Report the training error by predicting the training data on the fitted model.

d). [10 pts] Report the out-of-bag (OOB) prediction on the training data and explain how is it different from the training data error reported in (3). Which error is better and which one should we rely on? Why?

e). [15 pts] Perform a grid search to tune the mtry and min.node.size parameters. Use the following grid:

• mtry: 2, 4, 6, 8
• min.node.size: 1, 5, 10, 15, 20 Report the best combination of parameters and the corresponding error.

f). [5 pts] The ranger package handles categorical variables differently than the randomForest package by default. This is mainly due to a mechanic them implement with the respect.unordered.factors parameter. Read carefully the documentation for this parameter and explain what it does. Discuss the pros and cons of using respect.unordered.factors=partition when fitting random forests with categorical variables.

Question 2: [20 pts] Effect of Node Size in Random Forests

In this question, we will conduct a small simulation study to analyze the effect of the nodesize parameter in random forests. This is a regression problem, and you should still use the ranger package to complete this question. Do the following:

a). [15 pts] Set up a simulation study to evaluate the prediction performance of random forests. Refer to our previous homework for ideas of simulation. Use the following settings:

• Repeat the simulation nsim = 200 times.
  
• Generate training and testing data using the code provided below. You should only generate the testing data once, and keep it fixed for all simulations. The training data should be generated fresh for each simulation.
• Use mtry = 1 and number of trees = 500 for all simulations.
  
• Consider a grid of terminal node size values: c(10, 20, 30, 40, 50, 60).
  
• Keep all other parameters at their default values.
• For each setting, compute the averaged Bias\(^2\) and Variance across all simulations. To do this, you record the prediction for each test observation across all simulations, then compute the Bias\(^2\) and Variance for each test observation, and finally average them across all test observations.

  library(MASS)
  n = 300
  set.seed(546)
  
  # fix this set of testing data for all simulations
  testx = mvrnorm(n, c(0, 0), matrix(c(1, 0.5, 0.5, 1), 2, 2))  
  
  # generate training data within each simulation
  trainx = mvrnorm(n, c(0, 0), matrix(c(1, 0.5, 0.5, 1), 2, 2))
  trainy = rnorm(n, mean = trainx[,1] + trainx[,2])

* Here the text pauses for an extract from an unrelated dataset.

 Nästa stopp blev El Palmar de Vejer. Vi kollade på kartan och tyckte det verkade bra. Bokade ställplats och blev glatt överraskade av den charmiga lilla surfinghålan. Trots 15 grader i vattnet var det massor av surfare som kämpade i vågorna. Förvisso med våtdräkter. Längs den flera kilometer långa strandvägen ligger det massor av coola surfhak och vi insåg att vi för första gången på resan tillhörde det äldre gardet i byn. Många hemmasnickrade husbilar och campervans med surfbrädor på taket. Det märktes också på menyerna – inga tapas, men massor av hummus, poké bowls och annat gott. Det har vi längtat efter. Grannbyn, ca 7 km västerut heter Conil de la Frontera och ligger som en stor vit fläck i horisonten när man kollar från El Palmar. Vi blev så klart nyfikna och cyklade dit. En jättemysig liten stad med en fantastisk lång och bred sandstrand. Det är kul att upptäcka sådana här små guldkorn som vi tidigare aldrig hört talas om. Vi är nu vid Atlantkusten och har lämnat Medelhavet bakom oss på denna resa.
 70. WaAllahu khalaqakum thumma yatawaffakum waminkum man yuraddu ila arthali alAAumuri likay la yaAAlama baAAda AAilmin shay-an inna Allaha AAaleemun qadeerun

b). [5 pts] Plot the averaged Bias\(^2\) and Variance against the grid of nodesize values. Provide a brief discussion of the results in terms of how nodesize affects the Bias-Variance trade-off in random forests.

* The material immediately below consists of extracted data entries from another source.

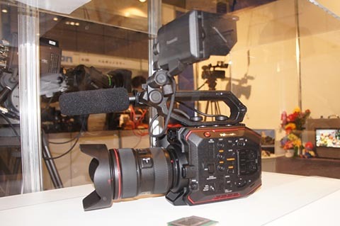 発表されている内容は、「新開発の5.7Kスーパー35mm MOSセンサーを搭載し、4K/2K 10ビット4:2:2映像を実現します。SDXCメモリーカード(ダブルSDカードスロット)に収録ができ、広いダイナミックレンジをもたらすV-Logガンマ、広色域V-Gamut、デュアルネイティブISO、4K60Pの高画質ハイフレームレートなど当社VARICAMを継承するテクノロジーを搭載しています。また、IRカットフィルターON/OFF機構を搭載することで、幻想的なIR(赤外線)シネマトグラフィ撮影を実現します。さらに、1.2kgの軽量でコンパクトな本体と、取り外し可能なデタッチャブルハンドルとグリップ、フレキシブルなLCDモニターなど新しいデザインは、ドローンへの搭載など最新の撮影スタイルに対応しています。」なんですが、今回ブースにあったのはモックアップだそうで、アクリルケースに入った状態でした。 幻想的なIR撮影ってどんなんか見てみたかったんですけどね。残念です。
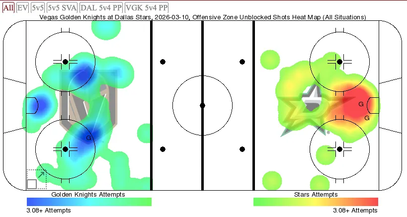 The Dallas game was the culmination of VGK’s unwillingness to get to the front of the net. The Stars scored both of their goals right in front of Adin Hill’s crease while VGK attempted just three shots from the most dangerous area of the ice.
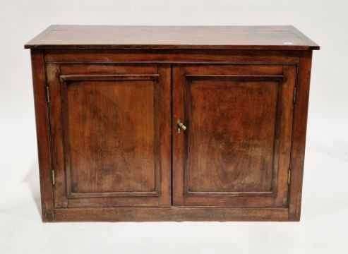 19th century mahogany cupboard, the rectangular top over two panel doors opening to two shelves, on plinth base, with key, 81cm high x 117cm long x 44cm deep
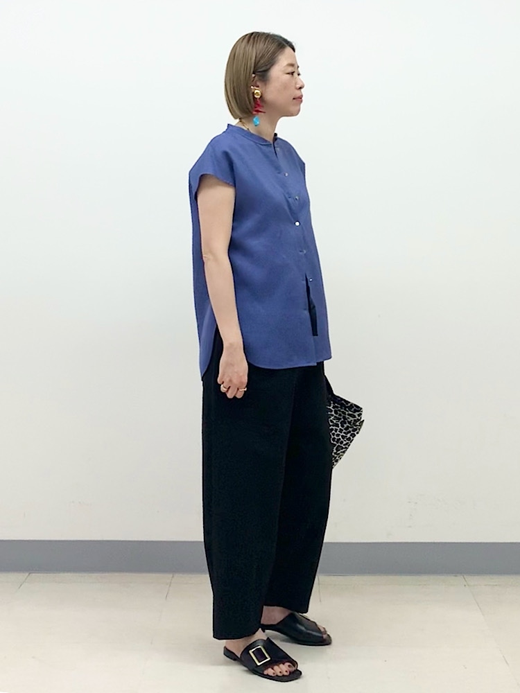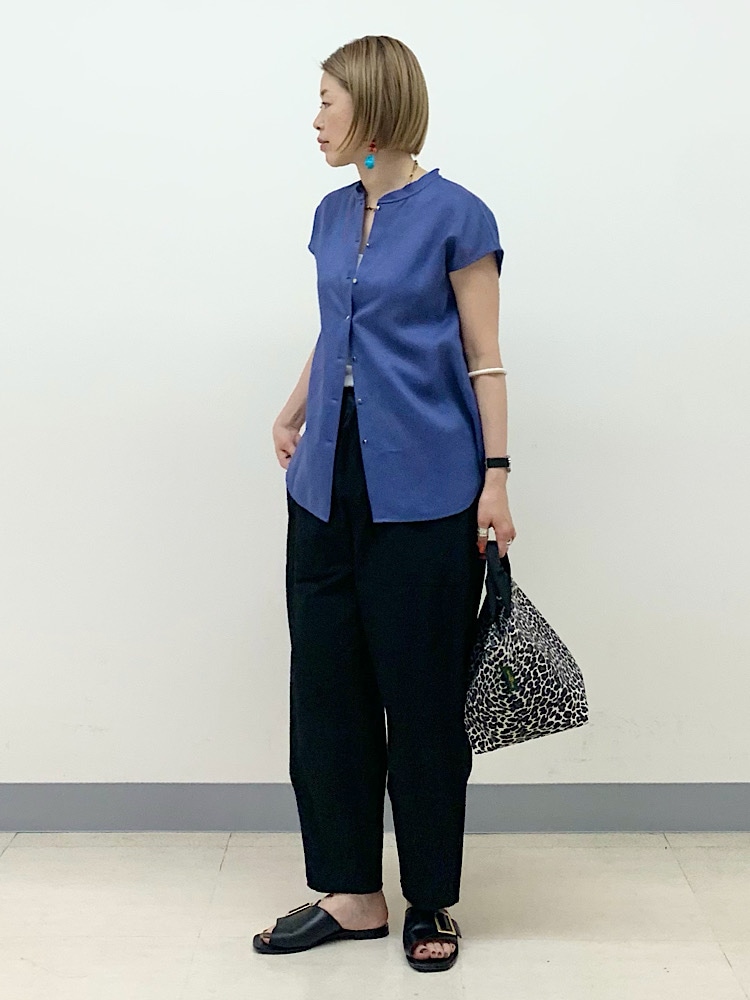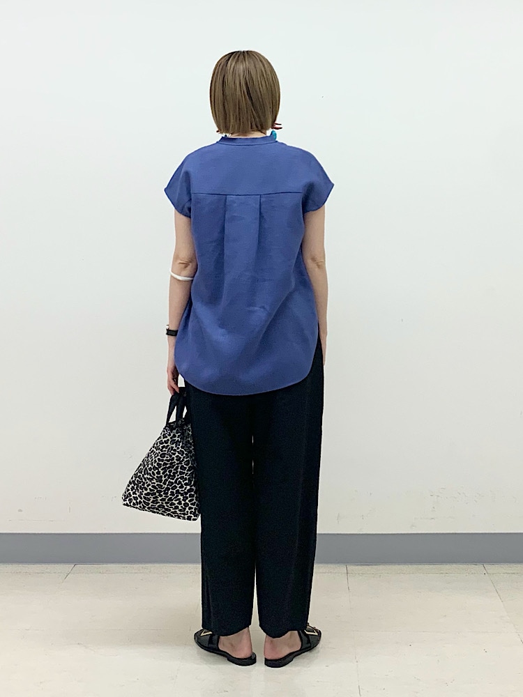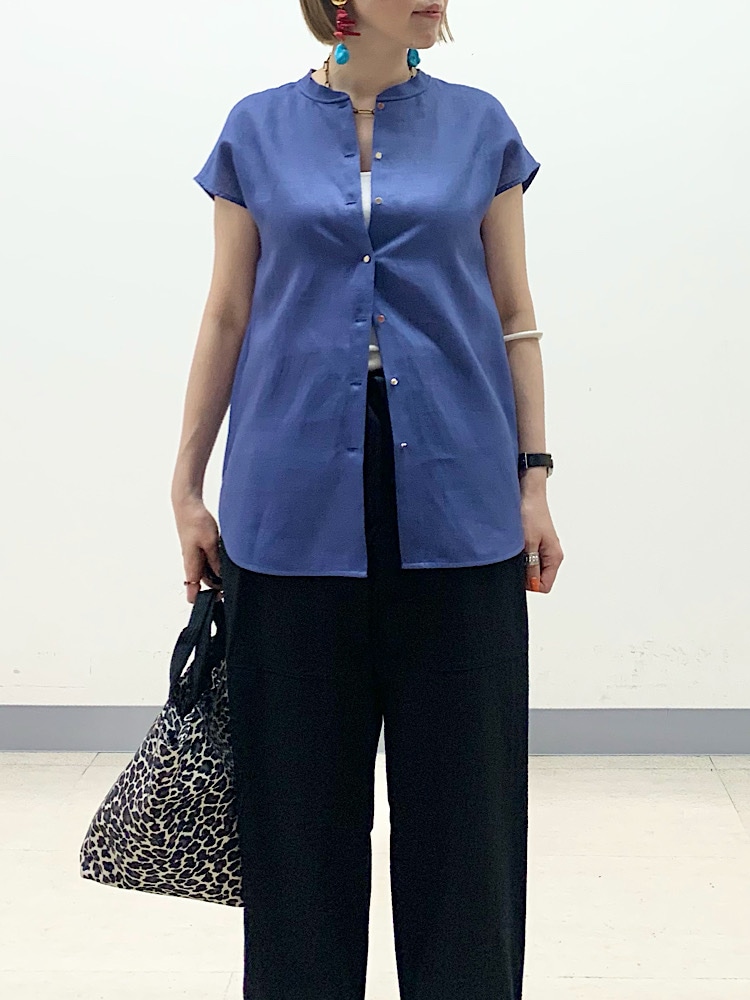 シンプルなリネンシャツは、真ん中のボタンをひとつだけ留めて、Vラインを作り、シルエットに変化をつけました。ボリュームのあるボトムスと合わせても、インにしなくてもすっきり見えます。

Question 3: [30 pts] Using xgboost for MNIST

In this question, we will use the xgboost package to perform multi-class classification on the MNIST dataset. The data can be obtained from HW5. You should use the first 1000 observations as the training and the rest as the testing data, including all digits (0–9), and no PCA is required.

a). [10 pts] Use the xgboost function to fit the MNIST training data. Specify the following and report the testing error rate and the confusion matrix.

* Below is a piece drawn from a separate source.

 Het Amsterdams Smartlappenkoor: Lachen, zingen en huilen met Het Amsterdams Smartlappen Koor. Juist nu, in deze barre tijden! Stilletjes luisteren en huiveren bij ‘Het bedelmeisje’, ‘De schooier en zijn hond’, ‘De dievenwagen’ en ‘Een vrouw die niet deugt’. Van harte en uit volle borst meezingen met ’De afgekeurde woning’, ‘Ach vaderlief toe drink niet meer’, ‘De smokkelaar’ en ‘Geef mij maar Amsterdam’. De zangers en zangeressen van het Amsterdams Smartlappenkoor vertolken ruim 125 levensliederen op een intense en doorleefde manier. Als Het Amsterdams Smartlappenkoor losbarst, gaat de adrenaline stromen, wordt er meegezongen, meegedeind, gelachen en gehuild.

• Use objective = "multi:softmax" to handle multi-class classification.
• Set num_class = 10 for the number of classes.
• Use the tree booster: booster = "gbtree".
• Set the following tuning parameters:
  • eta = 0.5 (learning rate)
  • max_depth = 2 (maximum tree depth)
  • nrounds = 50 (number of boosting iterations)

b). [15 pts] The model fits with 50 (trees) sequentially. However, you can produce your prediction using just a limited number of trees. This can be controlled using the iterationrange argument in the predict() function. Plot your prediction error vs. number of trees. Comment on your results. The way to specify iterationrange can be found at page 17 of https://cran.r-project.org/web/packages/xgboost/xgboost.pdf

c). [10 pts] Tune your parameters of eta and max_depth to see if you can improve the performance.

• For computational efficiency, consider just three values of eta and three values of max_depth.
• For each tuning combination of eta and max_depth, obtain the best number of iterationrange for predicting the testing data. This is not a cross-validation, its just predicting the testing data.
• Report the best tuning of eta and max_depth and the corresponding testing error.